Aim of the exercise: When you repeat the listing below, keep every word exactly and leave out each picture.

Recorded information:

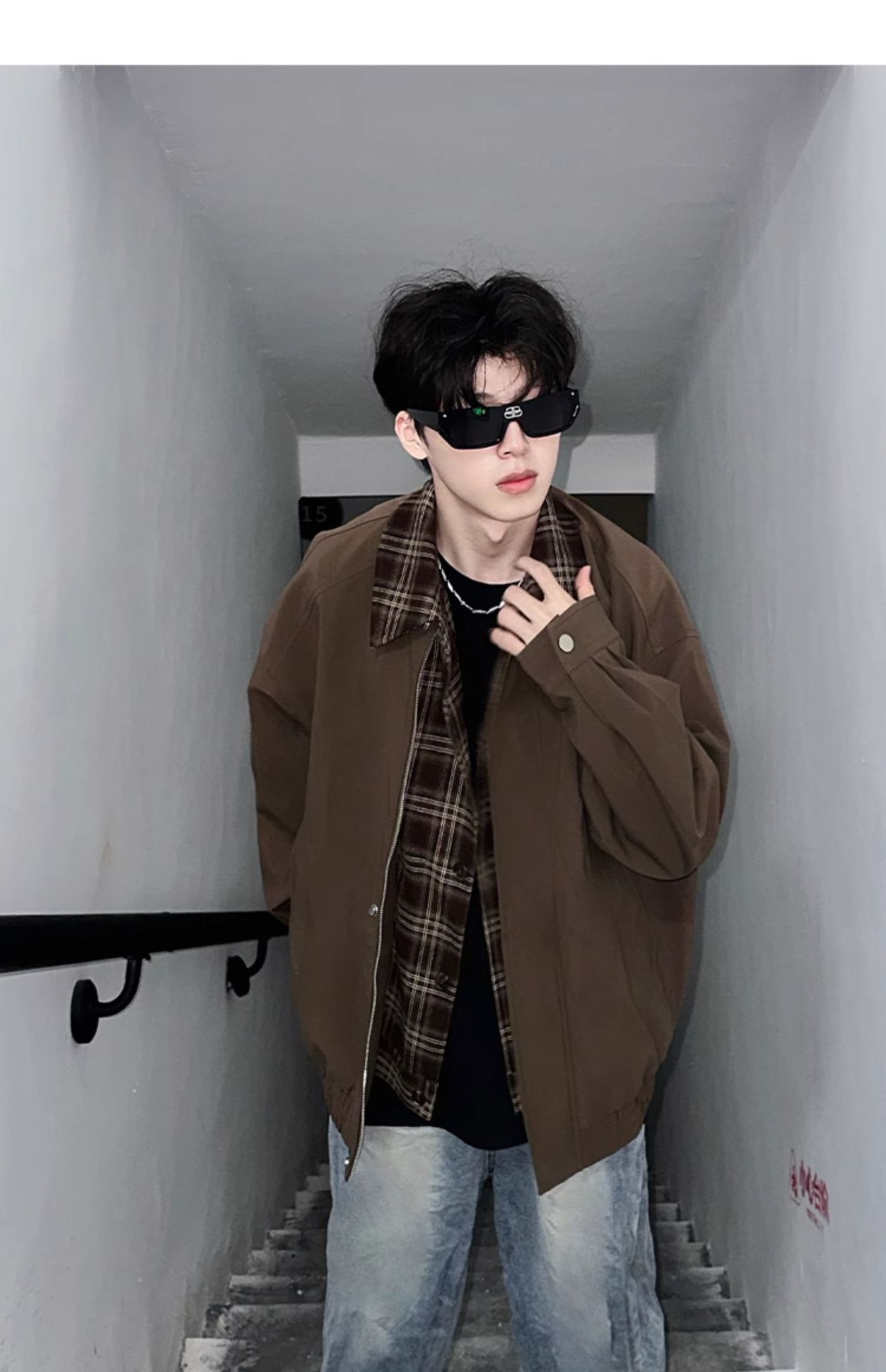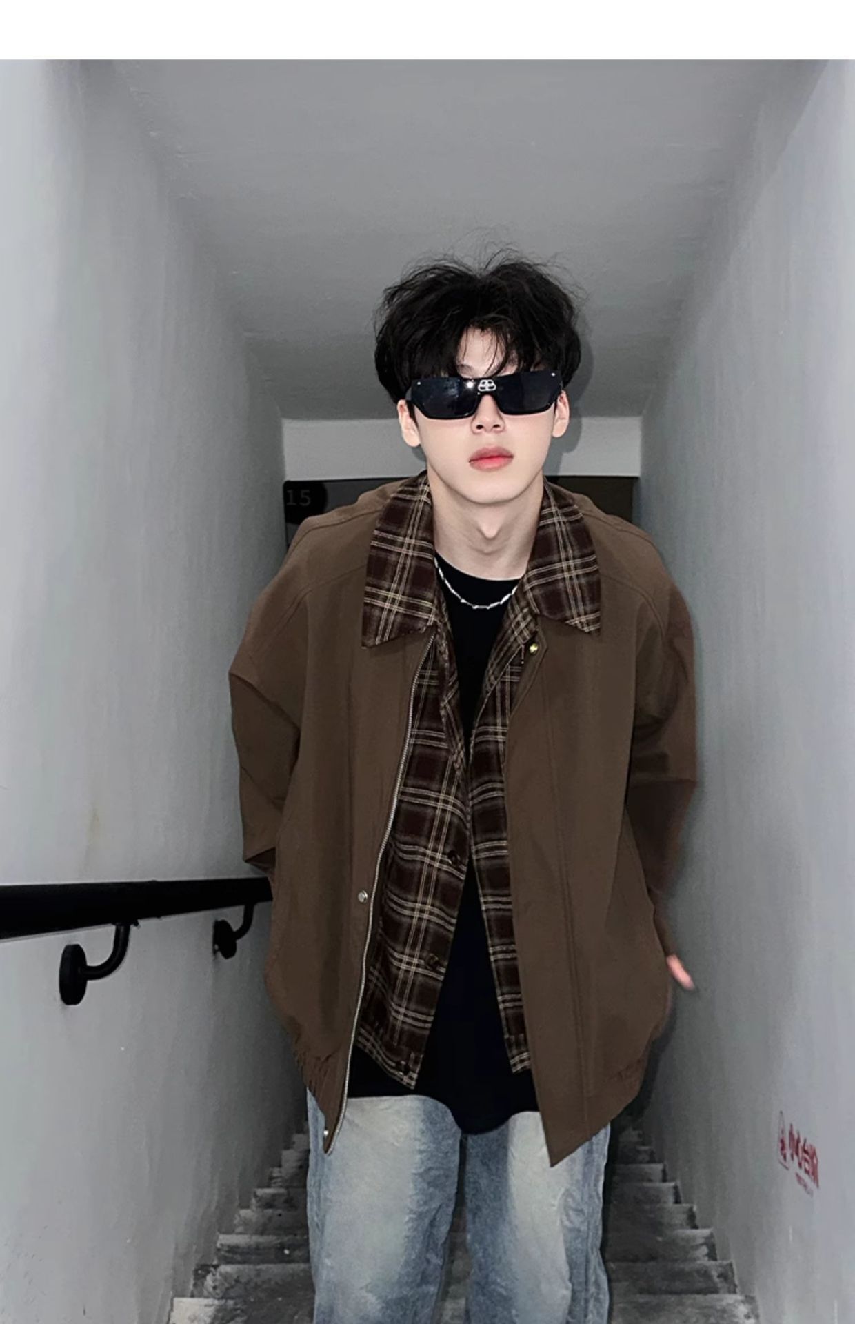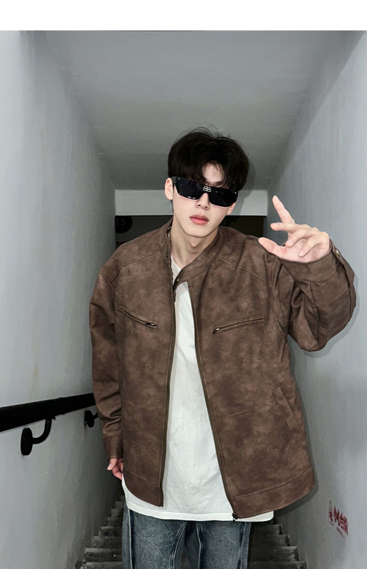 Men's Springautumn Maillard Outfit Fake Two-piece Jacket
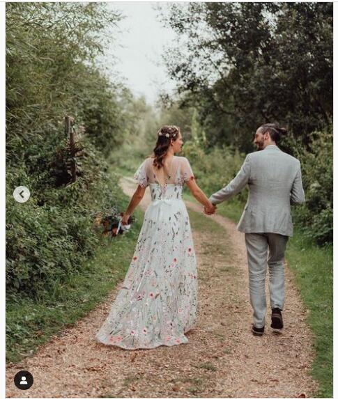 A Line Tulle Handmade Flowers Wedding Dresses Bridal Gowns
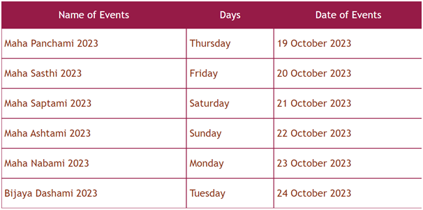 Durga Puja, also referred to as Durgotsava or Sharadotsava is an annual Hindu festival in South Asia that celebrates worship of the Hindu Goddess Durga. It refers to a 9 days festival followed by Bijoy Dashmi or Shubh Bijoya on the 10th day.(According to Hindu religious texts Durga Puja, including Chandi Path, should begin from the next day of Mahalaya Amavasya. Mahalaya is the most important day of Pitru Paksha, when Hindus pay homage to their ancestors, is not considered for starting any auspicious work.)
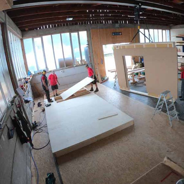 Bauart: Fundamente und Bodenplatte in Stahlbetonbauweise, Rest in Holzständerbauweise
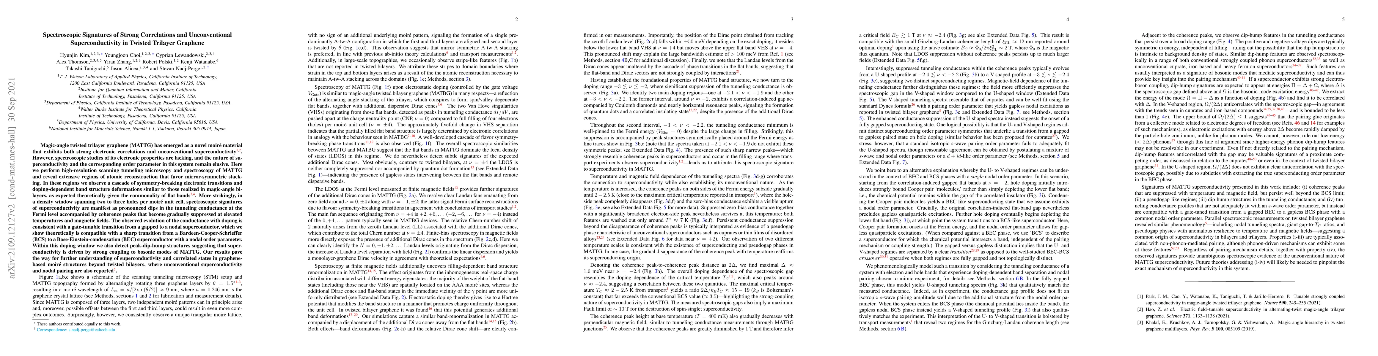 This paper uses high-resolution scanning tunneling microscopy to investigate the electronic properties of magic-angle twisted trilayer graphene, revealing extensive atomic reconstruction and a cascade of electronic transitions. It identifies spectroscopic signatures of unconventional superconductivity within a specific doping range, suggesting a transition from BCS to BEC superconductivity with a nodal order parameter.
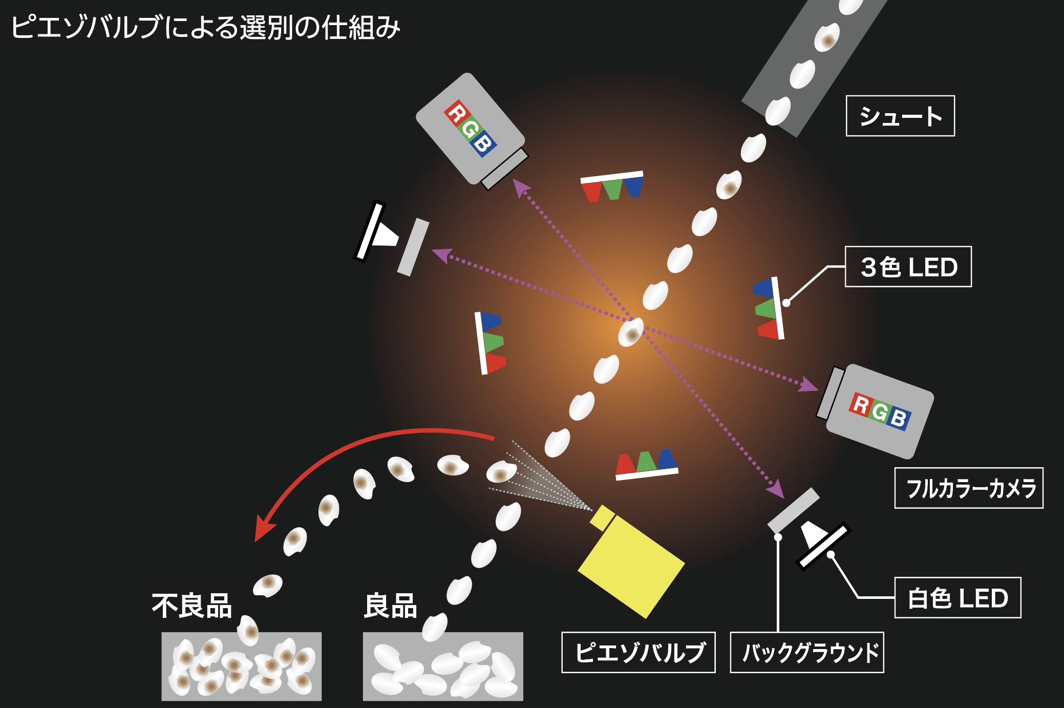 光学部に新たに採用した4色LEDとフルカラーカメラから得た原料の多量な情報を、サタケ独自の画像処理技術(特許第6152845号)により、最適に判別。青未熟・乳白・しらたの選別能力が向上しました。
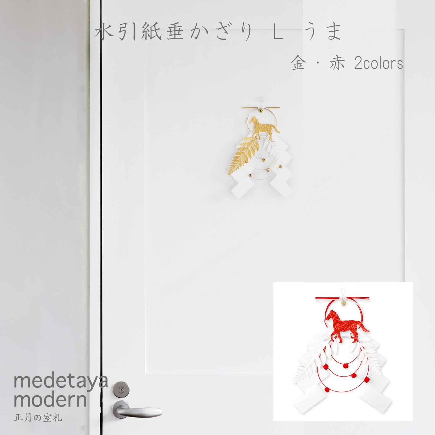 和紙 お正月飾り 迎春 新年 お正月 午年 馬 うま 干支 十二支 国産 日本製 玄関飾り オーナメント ドア ミニ | medetaya modern 水引紙垂かざり L うま【金・赤】2color
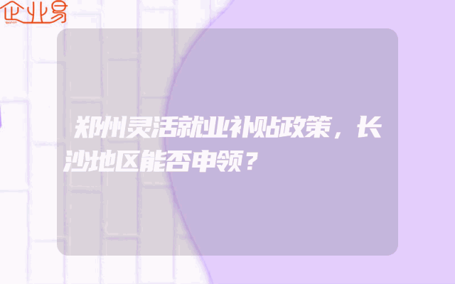- 郑州灵活就业补贴政策,长沙地区能否申领?
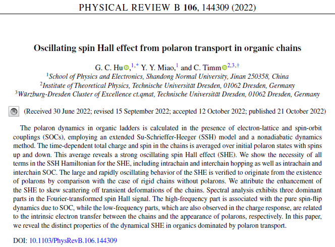 近日,胡贵超教授团队与德国德累斯顿工业大学理论物理研究所Carsten Timm教授合作,在物理领域国际著名期刊《Physical Review B》上发表了题为“Oscillating spin Hall effect from polaron transport in organic chains”的学术论文。山东师范大学为论文第一署名单位,胡贵超教授为第一作者,通讯作者为胡贵超教授和Carsten Timm教授。 自旋霍尔效应基于材料自身的自旋-轨道耦合作用,实现电流和自旋流的相互转换,是凝聚态物...

Task result:
 Men's Springautumn Maillard Outfit Fake Two-piece Jacket
 A Line Tulle Handmade Flowers Wedding Dresses Bridal Gowns
 Durga Puja, also referred to as Durgotsava or Sharadotsava is an annual Hindu festival in South Asia that celebrates worship of the Hindu Goddess Durga. It refers to a 9 days festival followed by Bijoy Dashmi or Shubh Bijoya on the 10th day.(According to Hindu religious texts Durga Puja, including Chandi Path, should begin from the next day of Mahalaya Amavasya. Mahalaya is the most important day of Pitru Paksha, when Hindus pay homage to their ancestors, is not considered for starting any auspicious work.)
 Bauart: Fundamente und Bodenplatte in Stahlbetonbauweise, Rest in Holzständerbauweise
 This paper uses high-resolution scanning tunneling microscopy to investigate the electronic properties of magic-angle twisted trilayer graphene, revealing extensive atomic reconstruction and a cascade of electronic transitions. It identifies spectroscopic signatures of unconventional superconductivity within a specific doping range, suggesting a transition from BCS to BEC superconductivity with a nodal order parameter.
 光学部に新たに採用した4色LEDとフルカラーカメラから得た原料の多量な情報を、サタケ独自の画像処理技術(特許第6152845号)により、最適に判別。青未熟・乳白・しらたの選別能力が向上しました。
 和紙 お正月飾り 迎春 新年 お正月 午年 馬 うま 干支 十二支 国産 日本製 玄関飾り オーナメント ドア ミニ | medetaya modern 水引紙垂かざり L うま【金・赤】2color
- 郑州灵活就业补贴政策,长沙地区能否申领?
 近日,胡贵超教授团队与德国德累斯顿工业大学理论物理研究所Carsten Timm教授合作,在物理领域国际著名期刊《Physical Review B》上发表了题为“Oscillating spin Hall effect from polaron transport in organic chains”的学术论文。山东师范大学为论文第一署名单位,胡贵超教授为第一作者,通讯作者为胡贵超教授和Carsten Timm教授。 自旋霍尔效应基于材料自身的自旋-轨道耦合作用,实现电流和自旋流的相互转换,是凝聚态物...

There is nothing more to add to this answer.